Omia Cisterna
- Full name: Pallavolo Cisterna 88
- Founded: 1988
- Ground: PalaRamadù, Cisterna, Italy (Capacity: 600)
- Chairman: Alessandro Droghei
- Head coach: Daniela Nuovo
- League: FIPAV Women's Serie C
- 2016–17: 14th in Serie A2 (Relegated to Serie B1)
- Website: Club home page

Uniforms
| Home | Away |

= Pallavolo Cisterna 88 =

Pallavolo Cisterna 88 is an Italian women's volleyball club based in Cisterna di Latina and currently playing in the Serie C.

==Previous names==
Due to sponsorship, the club have competed under the following names:
- Pallavolo Cisterna 88 (1988–2013)
- Omia Volley 88 (2013–2015)
- Omia Cisterna (2015–present)

==History==
The club was established in 1988 as the volleyball department of Polisportiva Cisterna 88. The club has many teams (girls, youth, junior and senior) playing at different competitions.

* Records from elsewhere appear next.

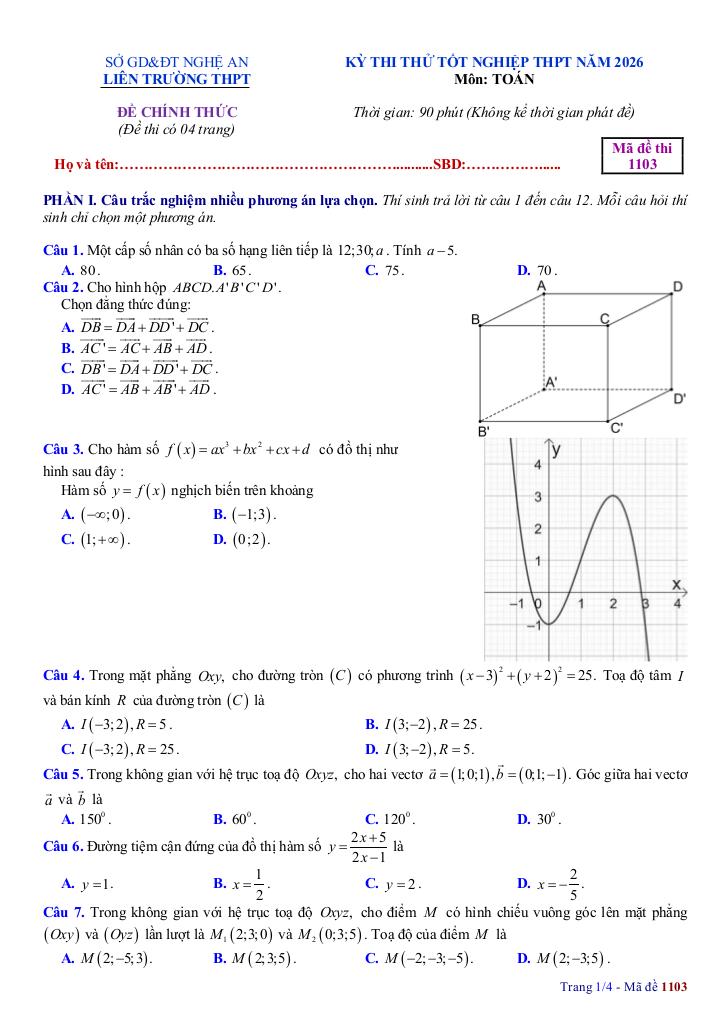 Toán học luôn là một môn học quan trọng, giúp học sinh phát triển tư duy logic và kỹ năng giải quyết vấn đề. Để hỗ trợ các bạn học sinh và giáo viên trong việc học tập và giảng dạy, bài viết này sẽ cung cấp lời giải chi tiết và đáp án chính xác cho chủ đề đề thi thử tốt nghiệp thpt 2026 môn toán liên trường thpt – nghệ an, giúp bạn hiểu sâu và tự tin hơn khi làm bài tập.
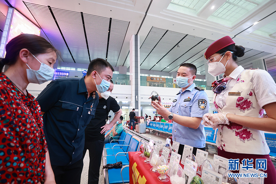 6月23日,民警在重慶北站候車廳向旅客講解拒毒小妙招。新華網(wǎng) 發(fā)
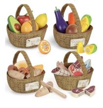 Ensemble de nourriture en bois + panier + étiquettes
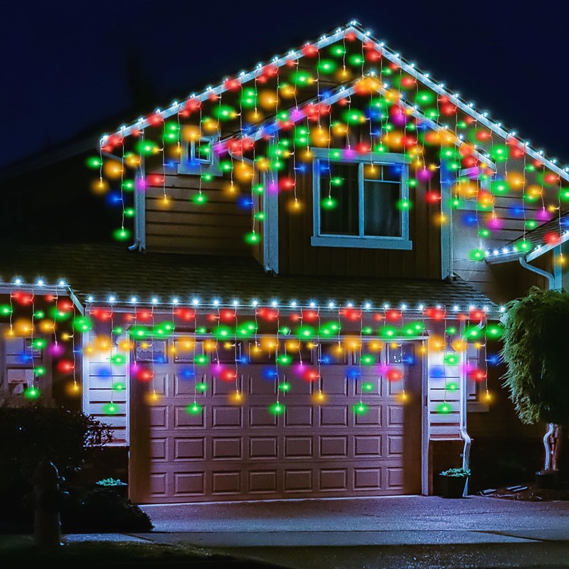• 【IP44 Waterproof & UL588 Listed】Waterproof Christmas lights for house can effectively block rainwater from entering. 29V safety low voltage certified by UL is more safety and less power consumption. Icicle fairy lights will satisfy your outdoor use even on rainy, snowy, or storm days.UL Listed Plug and Low-temp LED bulbs ensures safe to touch even after long time use. Allows you to save time and effort. Safer to use!
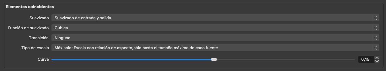 Las opciones son las mismas en los tres grupos, y aquí se configura la transición que hará cada tipo de elemento, y si esta debe de curvar los elementos durante su transición.
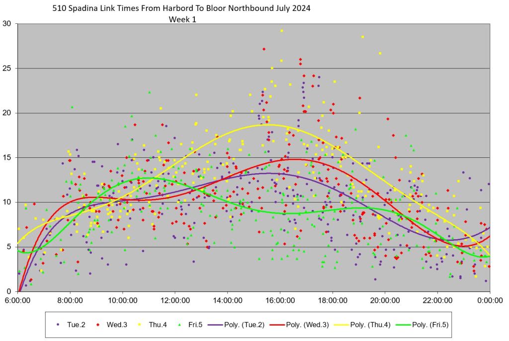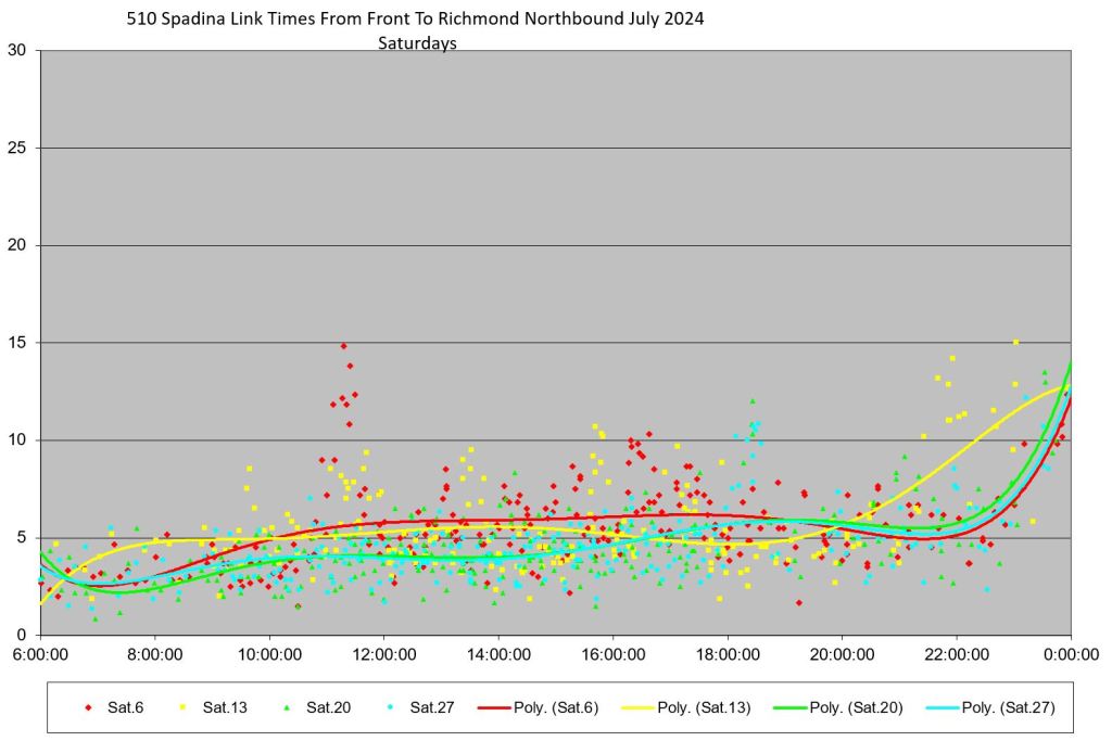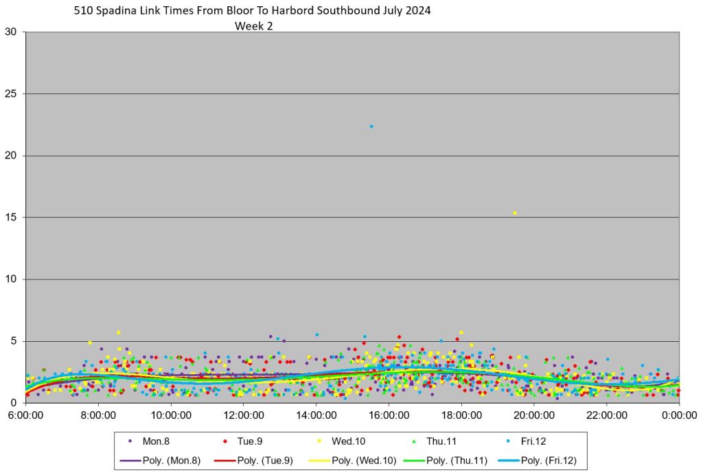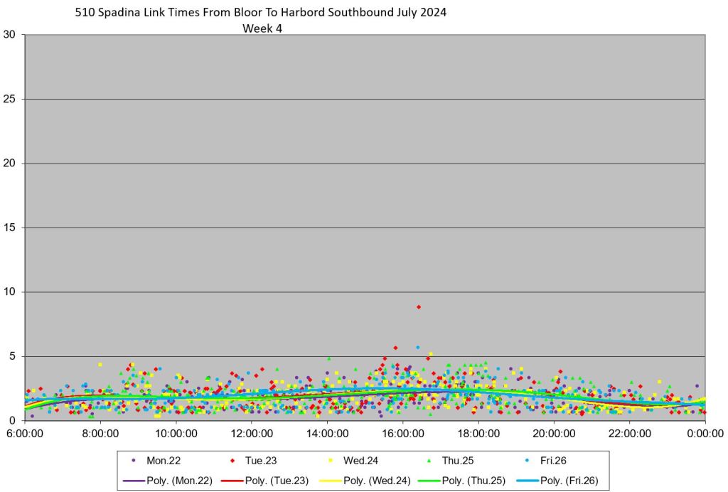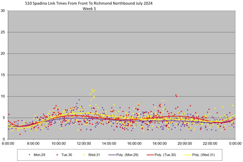 This article presents travel times over various segments of Spadina from Bloor Street to Queens Quay during July 2024 to show the effect of the changing route configuration.
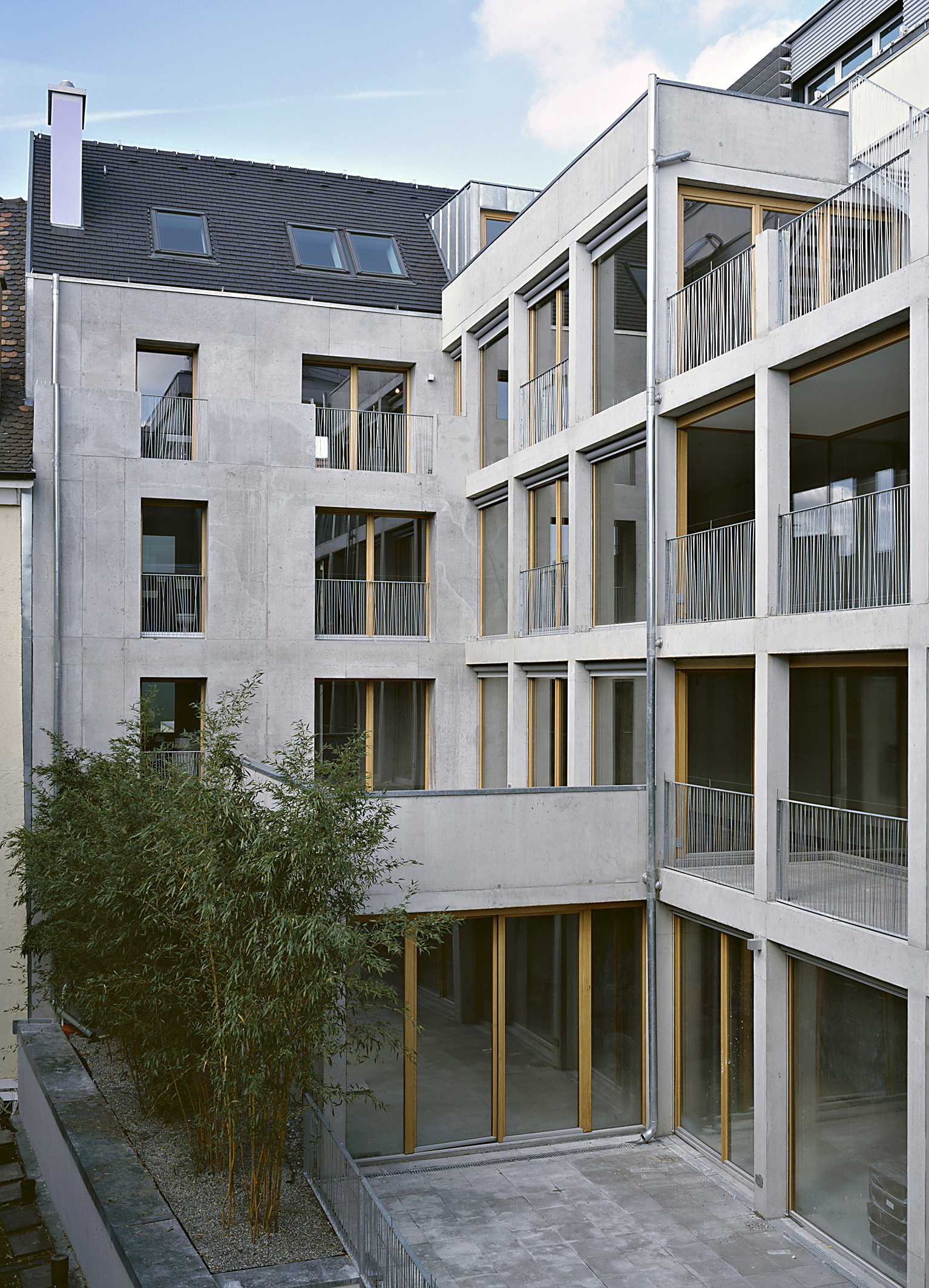 Die Altstadt von Konstanz zählt zu den bedeutendsten mittelalterlichen Stadtensembles in Baden-Württemberg. Sie ist gekennzeichnet durch vielfältige, historisch gewachsene Bauten und Strukturen, die über die Jahrhunderte hinweg bis heute größtenteils erhalten sind. Im zentralen, größten mittelalterlichen Gebäudeblock der Konstanzer Altstadt wurden 1961 das barocke Stadtpalais der vorderösterreichischen Landesregierung sowie verschiedene kleinere Wohngebäude abgerissen und der Block durch zwei Gassen in vier kleine Blöcke zerteilt. In der Hussenstraße lag seitdem zwischen fünfgeschossigen Bauwerken eine zehn Meter breite und 30 Meter tiefe Parzelle brach, auf der vor Kurzem unter der Bauherrschaft der Doser+Partner Baugesellschaft mbH ein viergeschossiges Wohn- und Geschäftshaus errichtet wurde. Entworfen von den Kraus Schönberg Architekten, setzt das monolithische, aus Liapor-Leichtbeton in Sichtbeton-Optik bestehende Gebäude mit seiner klar definierten Front aus vertikal und horizontal angeordneten Betonstelen einen ganz besonderen Akzent in der Konstanzer Altstadt. Das Wohnhaus schließt den Block zur Straße hin ab, ein Hof schafft Distanz, um das Gebäude von Süden komplett belichten zu können. Ein Laubengang bietet bespielbare Außenflächen in einem fast komplett überbauten Grundstück und erschließt die Gartenterrassen und das Gartenhaus im rückwärtigen Bereich.
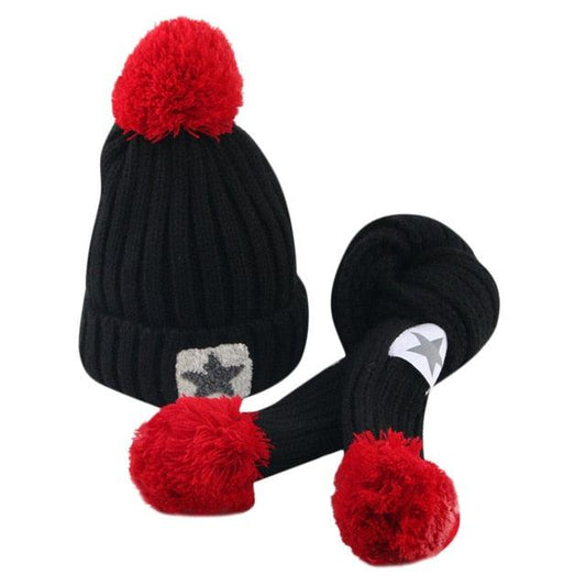 Great Winter Knit Hat Beanie Hairball Cap Scarf Set (3U87)
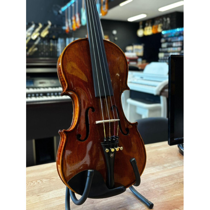 O VK 644 é um violino clássico profissional construído com madeiras nobres para oferecer uma experiência única. Este modelo é construído artesanalmente e tem como principais atributos seu tampo de Spruce Maciço selecionado, lateral e fundo de Maple trabalhado, seu arco profissional e seus outros componentes de Ébano selecionado. As madeiras com acabamento envelhecido lhe conferem um belíssimo visual e uma sonoridade impressionante. E para conservar e prolongar sua vida útil, o VK 644 é acompanhado de um luxuoso estojo retangular com higrômetro que lhe garante um perfeito acondicionamento.
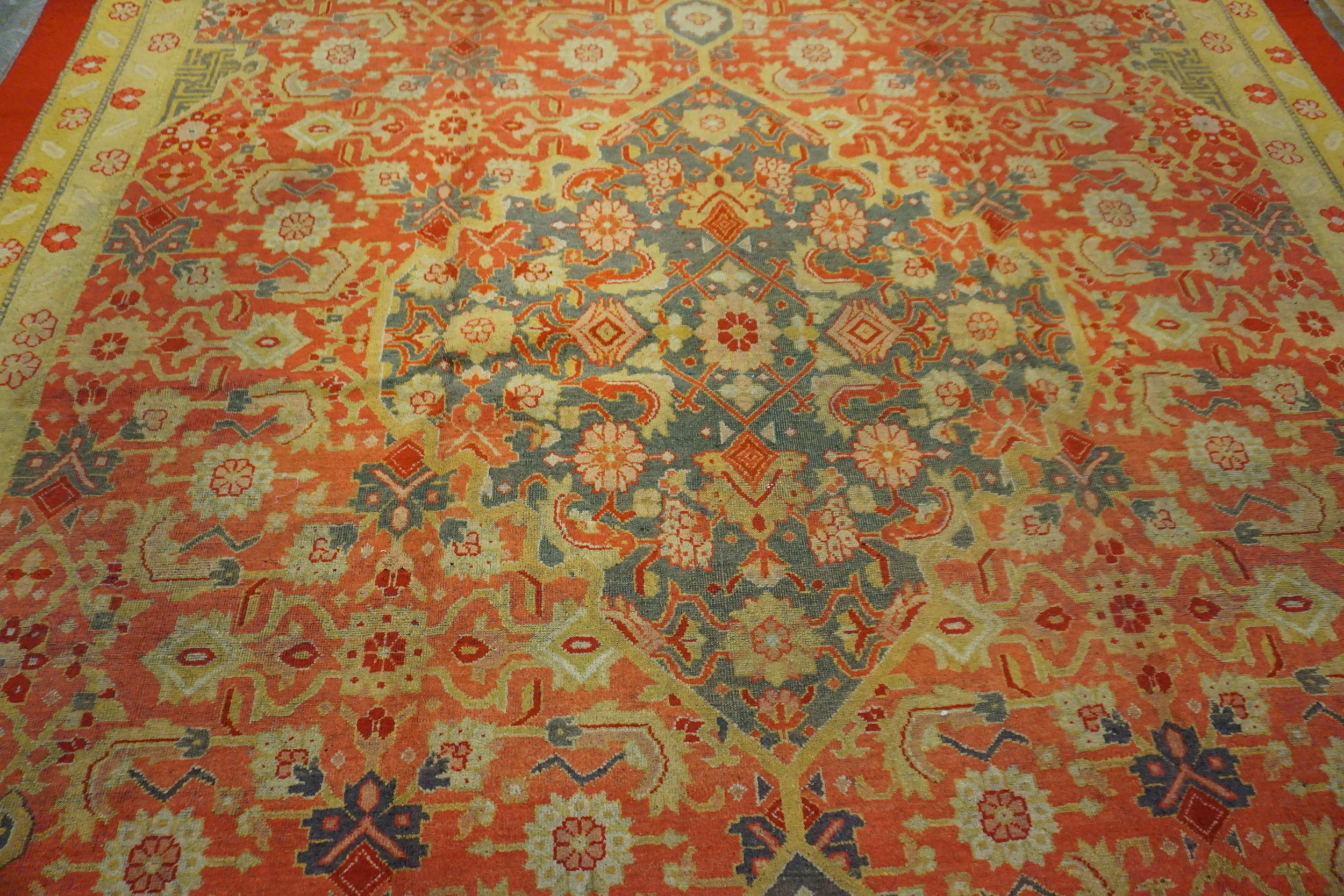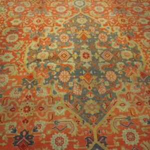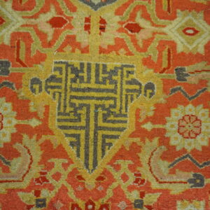 Set against a rustic coral ground, the design is enlivened with contrasting accent hues that enhance the depth of each motif and bring forward a warm, inviting palette. Complementary borders frame the field with cohesive contrast, reinforcing the overall pattern while providing a sense of visual balance. The hand-knotted wool pile — a hallmark of traditional craftsmanship — offers a resilient surface with a pleasing texture and enduring performance.
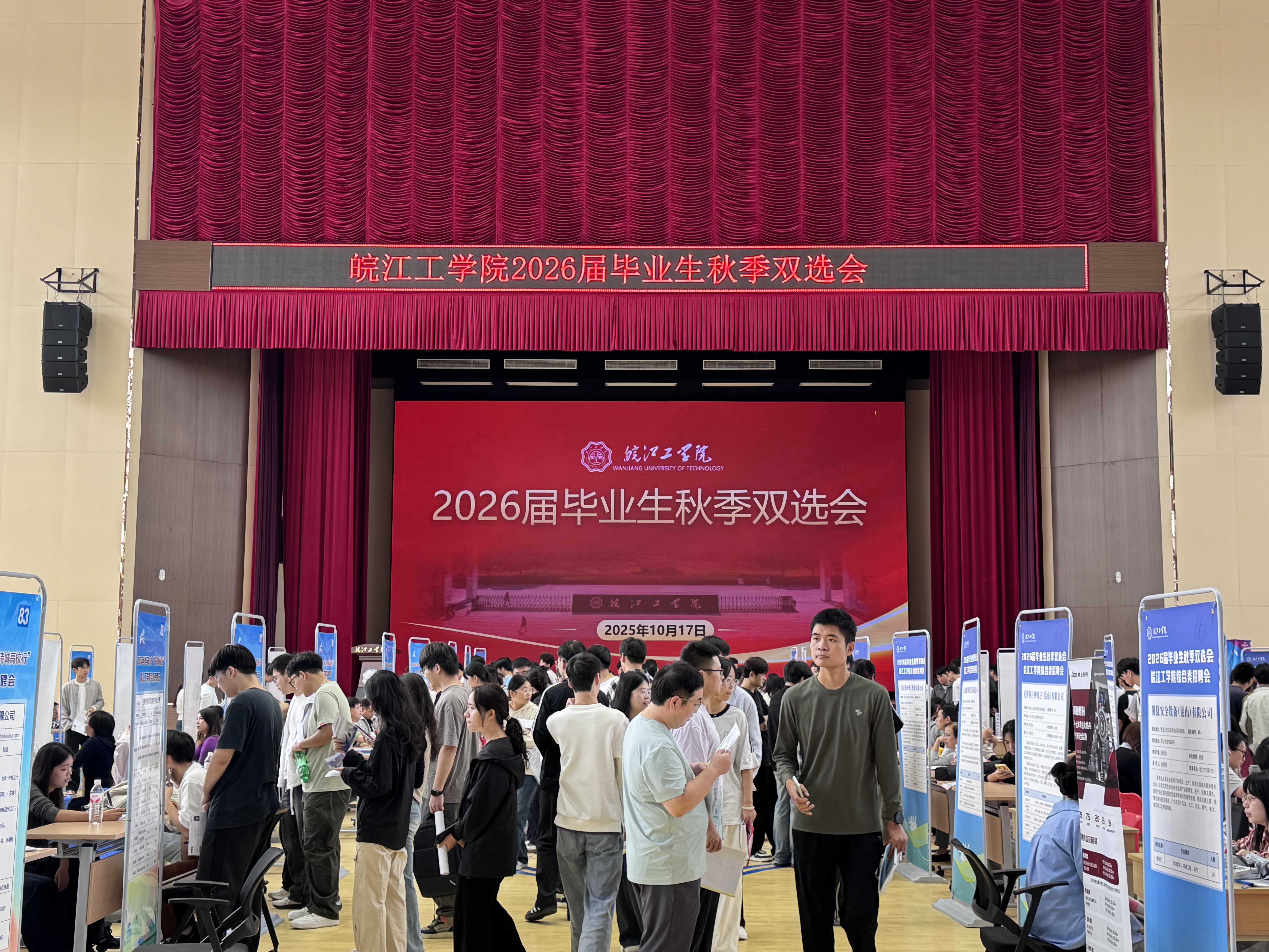 为进一步促进毕业生高质量就业,搭建用人单位与毕业生双向选择的平台,10月17日,皖江工学院 2026 届毕业生秋季双选会在我校体育馆成功举行。此次双选会吸引了众多企业参会,为毕业生提供了丰富的就业机会。学生工作部常务副部长汪朱华深入双选会现场,详细了解招聘会的组织情况,与毕业生、用人单位亲切交流,各学院副书记、就业指导中心相关人员和全体毕业班辅导员参加招聘会现场指导工作。

The senior team has participated in the Series C, B2, B1 and in 2015 was promoted to Serie A2. At the conclusion of the 2016–17 season, following its relegation from Serie A2 to Serie B1, the club decided to reorganize and focus on its youth team competing at Serie C.

==Venue==
The club play its home matches at the Palasport Del Campus Dei Licei Ramadù (also known as PalaRamadù) in Cisterna di Latina. The venue has approximately 600 spectators capacity.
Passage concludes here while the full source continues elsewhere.